Sorry didn't think the rest of the circuit mattered much. The current source goes to a device that is looking for current between 0 and 3.3mA. The other piece of the circuit goes to a diff amp which goes to an ADC for a telemetry measurement.
I am measuring a drop across the 100 ohm resistor of 3.3V when the input to the op amp is at 3.3V
Does that make sense?

 

It's an "improved Howland current pump".
See https://www.ti.com/lit/an/snoa474a/snoa474a.pdf?ts=1699105088666&ref_url=https%3A%2F%2Fwww.google.com%2F
section 3

 

If the output current is only 3.3 mA, why complicate things with R6 and Q2?

ak

 

Re-drawn to simplify, it is the unity gain differential amplifier, where we see the input pairs match at the left and also the Op Amp (differential null) inputs. But this part is not a current source.

 

Re-drawn to simplify, it is the unity gain differential amplifier, where we see the input pairs match at the left and also the Op Amp (differential null) inputs. But this part is not a current source.
View attachment 306857

This doesn't look like what I drew above. The +3.3V should be on the + input of the op-amp

 

The opamp is delivering enough base drive to the transistor to raise the inverting input voltage up to match the voltage at the non-inverting input. That circuit was shown in the `1976 National Semiconductor linear circuits book. It is classic and simple. The big caution is in avoiding having the acitive circuit voltages greater than the opamp supply voltages.

 

Below is the LTspice sim of the basic Howland constant-current circuit you have, for a constant 3.3V input and a varying load resistance.
The differential circuit maintains the voltage across the 100Ω resistor R5 equal to the input voltage, to generate the constant output current.
Since the input is differential, either input (or both) can be used to generate the constant current.

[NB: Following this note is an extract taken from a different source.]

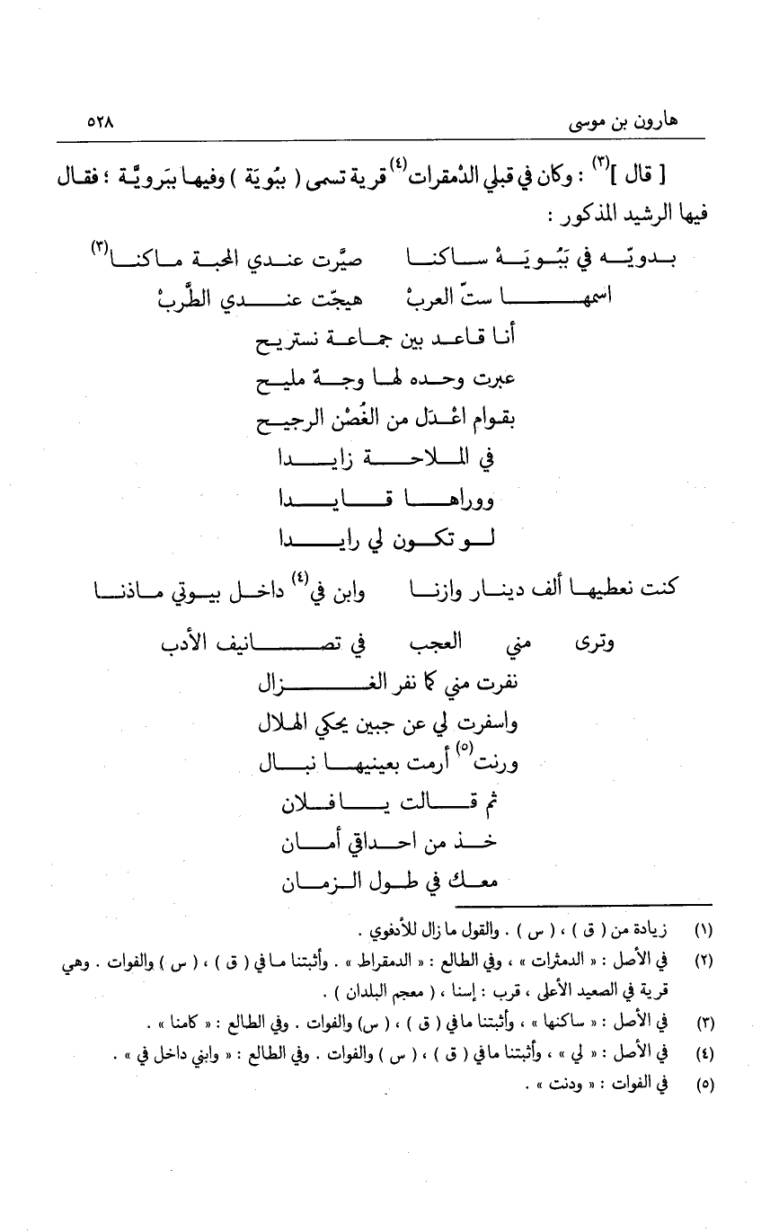 قال: وكان في قبلي الدمقرات قرية تسمى ببوية وفيها ببرويّة، فقال فيها الرشيد المذكور:

Note how the output voltage (red trace) increases to keep the load current constant at 33mA (yellow trace) as the load resistance increases (green trace) until the output saturates (at about 330Ω load resistance) at the maximum op amp output voltage (blue trace).

 

This doesn't look like what I drew above. The +3.3V should be on the + input of the op-amp

Thanks, Murphy's Law. If anything can be reversed, it will be.

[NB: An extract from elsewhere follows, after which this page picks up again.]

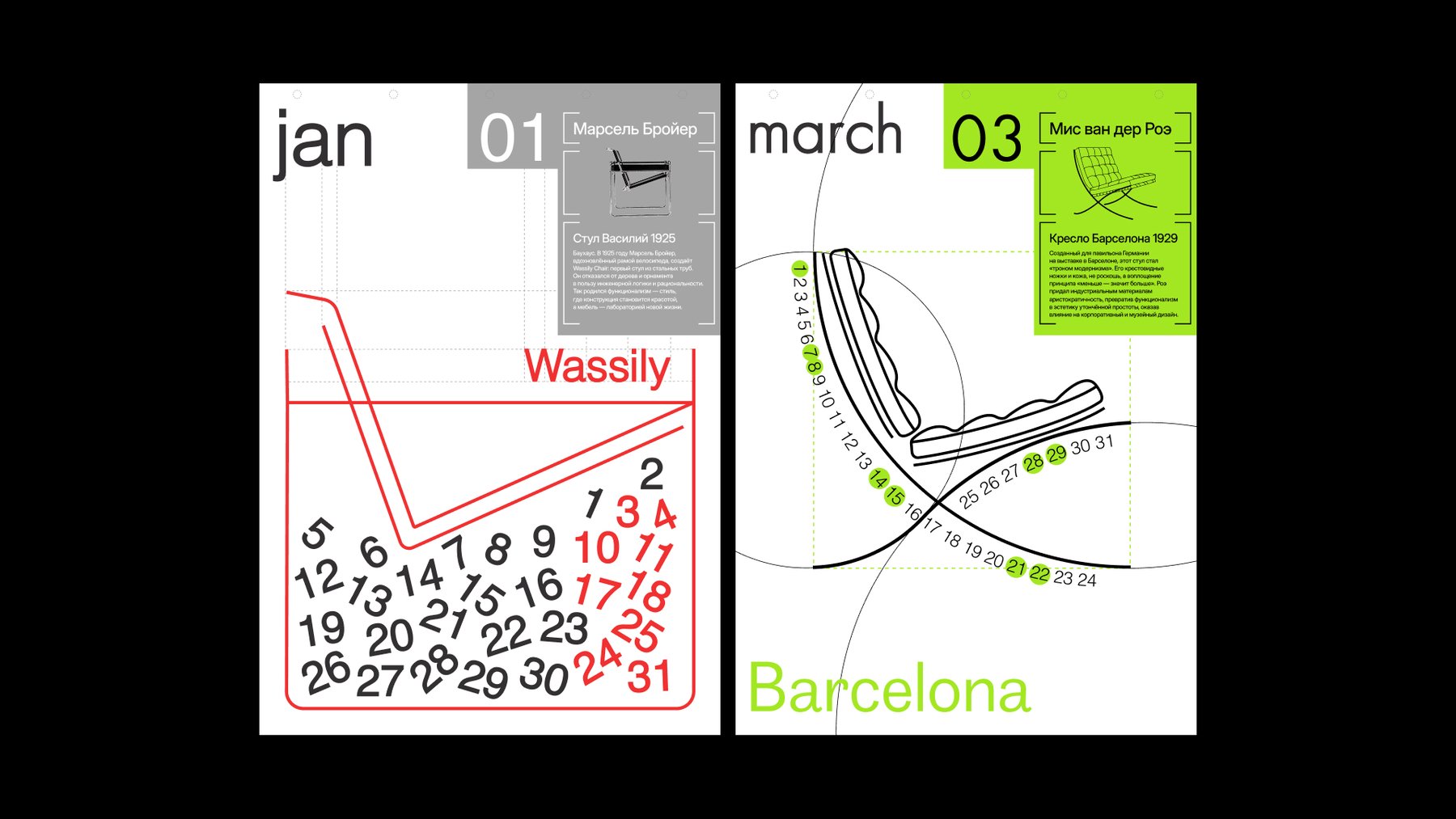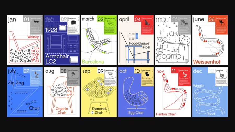 Так например календарь на 2026 год студентки 3 курса школы дизайна, Айсф Бадмаевой, посвящен всем стульям и креслам Баухауса и выполнен в лаконичном и функциональном стиле, характерном для данного направления 20-х годов прошлого века. В нем каждый месяц посвящен одному из культовых стульев, повлиявших на истории дизайна, рассказу об истории его создания. На всех листах календаря типографика, общий ритм композиции и расположения чисел месяца стилистически перекликаются с особенностями изображаемого объекта.

As long as R1/R2= R3/R4 , the 100 Ohm being 0.1% introduces 0.1% error
You can modify any R, V and interactively understand why it works as a differential amplifier must produce the same voltage across the 100 ohm as the far left 3.3 to achieve a null error on the input. But the voltage reaches maximum with a load of 330 Ohms then current drops. But below it stays constant.

Transistor Pd= 375 mW max

https://tinyurl.com/yrgdftk9

 

Thanks, Murphy's Law. If anything can be reversed, it will be.

View attachment 306932


As long as R1/R2= R3/R4 , the 100 Ohm being 0.1% introduces 0.1% error
You can modify any R, V and interactively understand why it works as a differential amplifier must produce the same voltage across the 100 ohm as the far left 3.3 to achieve a null error on the input. But the voltage reaches maximum with a load of 330 Ohms then current drops. But below it stays constant.

Transistor Pd= 375 mW max

https://tinyurl.com/yrgdftk9

Thanks this is helpful . I am still trying to come up with the equations to get it such that Iload = Vin(3.3V)/Rsource(100 ohms).

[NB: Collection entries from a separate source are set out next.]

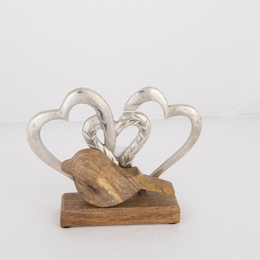 With the Hearts And Wooden Bird Table Decoration 752-28562 you will create the sweet and romantic atmosphere you desire. It features three hearts and a bird, made of metal and wood. The construction materials combine harmoniously and create a wonderful whole.
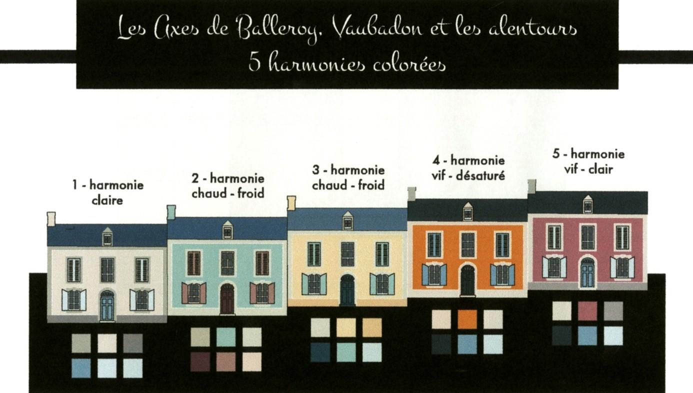 Fig 5 : Exemples de choix de couleurs possibles proposées pour la rue du Sapin ainsi que pour les axes de Balleroy et Vaubadon (Conception Ludivine Scelles, 2017).
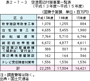 発生源対策を実施してもなお航空機騒音の影響が及ぶ地域については、「公共用飛行場周辺における航空機騒音による障害の防止等に関する法律」(昭和42年法律第110号)等に基づき空港周辺対策を行っています。同法に基づく対策を実施する特定飛行場は、東京国際、大阪国際、福岡等15空港であり、これらの空港周辺において、学校、病院、住宅等の防音工事及び共同利用施設整備の助成、移転補償、緩衝緑地帯の整備、テレビ受信料の助成等を行っています(表2-7-3)。

I have a few equations, but can't get it reduced further. Can anyone help?

 

I have a few equations, but can't get it reduced further.

Post your equations.

 

Post your equations.

Referencing the circuit that tonyStewart shows above:

I am assuming V+=V-. calling this V : Also assuming minimal drop from base to emitter (is this ok(

i1=i2 => Vout -V/R2 = V/R1, which yields: V=(R1/R1+R2)Vout

i3=i4 => V-Vin/R3 = Vl-V/R4, which yields: V=(R4Vin+R3Vl)/(R3+R4)

I100 = Il + I4 => Vout-Vl/100 = Vl/Rl + Vl-V/R4


Now I am stuck and not sure where I go from here?